***** Exercise data *****

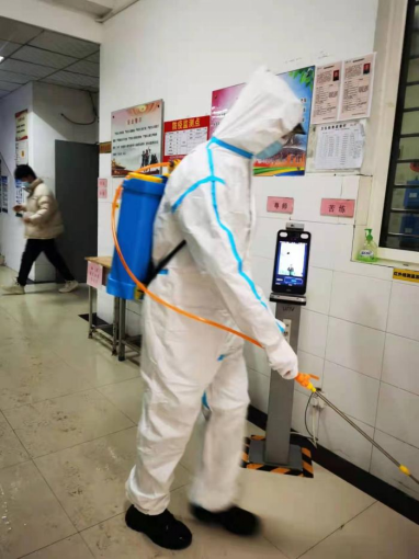 在学管中心的统筹安排下,各中队教官、学生志愿者逐一对4栋公寓楼进行消杀。因此次消杀时间区域集中,消杀液浓度配比高,为确保消杀效果,防止消杀液对物品的腐蚀,保护学生安全健康,各系班主任、教官提前通知学生将宿舍内床底下、地面放置的所有物品搬离,箱子等放置在柜子上面,鞋放置在鞋架上或柜子里,食品等封存保护好,地面上不得有物品摆放,地面垃圾须清理干净,关闭窗户,贵重物品保存好。在规定消杀时间10分钟,所有学生有序离开公寓楼。随后,该时段公寓楼封闭,学生不进入,相关人员对学生公寓所有宿舍内地面、门把手,以及楼道等公共区域地面,进行了全面消杀。消杀结束后,学生们返回宿舍,及时打开窗户通风。
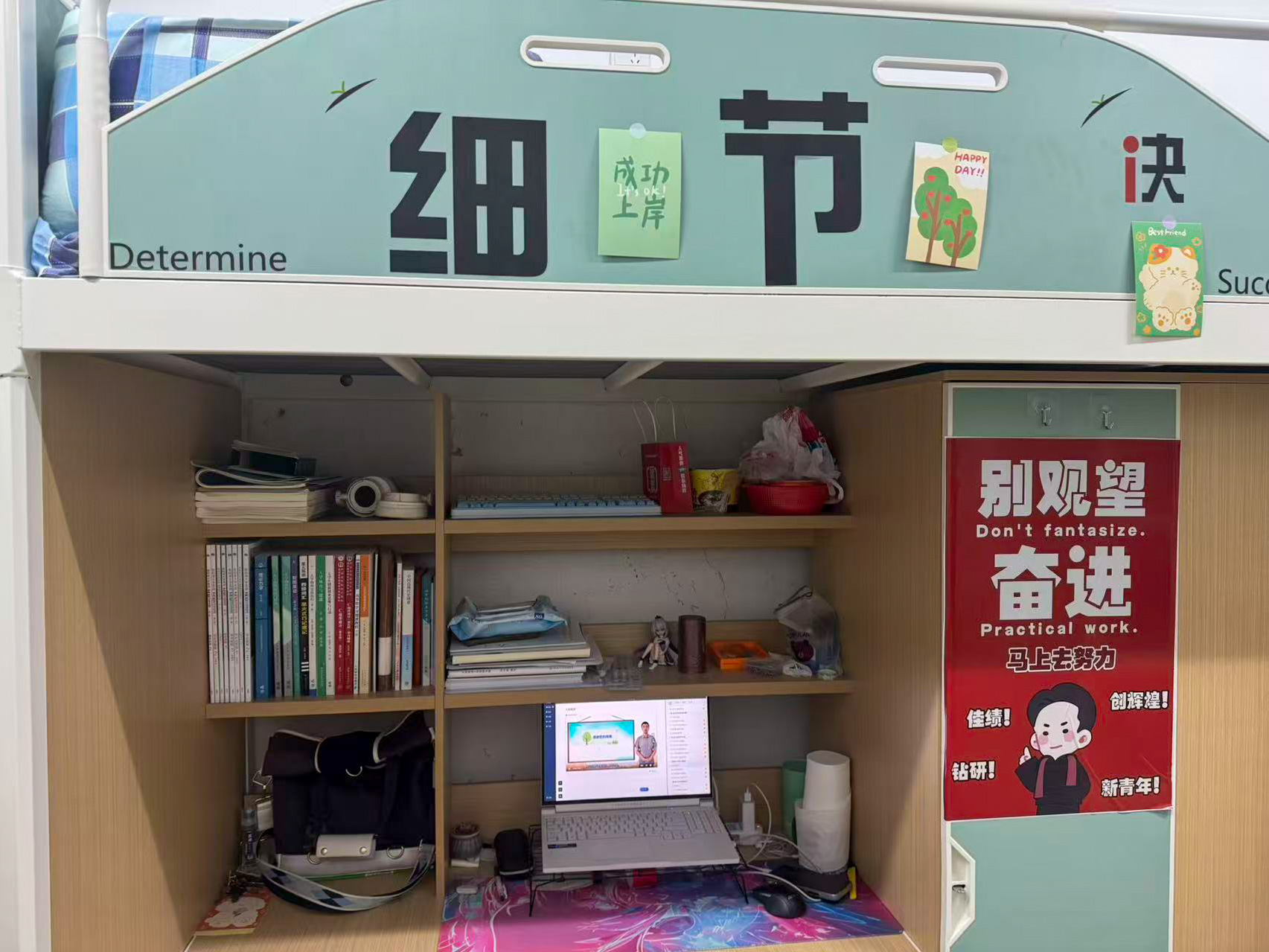 活动启动后,同学们踊跃报名、精心筹备。各宿舍锚定简约奋进、文雅励志的鲜明风格,以励志海报装点墙面、专业书籍充盈书架、特色饰物点缀空间,将青春朝气与奋斗姿态融入每一处细节,打造兼具学风与活力的成长空间。装饰过程中,成员们分工协作、动手创作,在实践中提升审美、凝聚默契。评比环节,自律会评优小组秉持公平公正公开原则,按装饰风采、内务卫生、现场解说三大标准综合打分,各宿舍清晰介绍设计理念,充分展现独特创意与精神面貌。
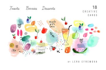 图穷联素材库 » 水果浆果和甜点插画 Fruits Berries Dess
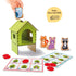 Contenu : 1 maisonnette en bois et 4 figurines d'animaux en bois (renard, lapin, hibou, raton laveur), 25 plaquettes imprimées recto-verso (13,5 x 19,5 cm), 150 jetons, 1 guide pédagogique des activités à télécharger.

*****

Restate the material above word for word, dropping the pictures.

Response:
 在学管中心的统筹安排下,各中队教官、学生志愿者逐一对4栋公寓楼进行消杀。因此次消杀时间区域集中,消杀液浓度配比高,为确保消杀效果,防止消杀液对物品的腐蚀,保护学生安全健康,各系班主任、教官提前通知学生将宿舍内床底下、地面放置的所有物品搬离,箱子等放置在柜子上面,鞋放置在鞋架上或柜子里,食品等封存保护好,地面上不得有物品摆放,地面垃圾须清理干净,关闭窗户,贵重物品保存好。在规定消杀时间10分钟,所有学生有序离开公寓楼。随后,该时段公寓楼封闭,学生不进入,相关人员对学生公寓所有宿舍内地面、门把手,以及楼道等公共区域地面,进行了全面消杀。消杀结束后,学生们返回宿舍,及时打开窗户通风。
 活动启动后,同学们踊跃报名、精心筹备。各宿舍锚定简约奋进、文雅励志的鲜明风格,以励志海报装点墙面、专业书籍充盈书架、特色饰物点缀空间,将青春朝气与奋斗姿态融入每一处细节,打造兼具学风与活力的成长空间。装饰过程中,成员们分工协作、动手创作,在实践中提升审美、凝聚默契。评比环节,自律会评优小组秉持公平公正公开原则,按装饰风采、内务卫生、现场解说三大标准综合打分,各宿舍清晰介绍设计理念,充分展现独特创意与精神面貌。
 图穷联素材库 » 水果浆果和甜点插画 Fruits Berries Dess
 Contenu : 1 maisonnette en bois et 4 figurines d'animaux en bois (renard, lapin, hibou, raton laveur), 25 plaquettes imprimées recto-verso (13,5 x 19,5 cm), 150 jetons, 1 guide pédagogique des activités à télécharger.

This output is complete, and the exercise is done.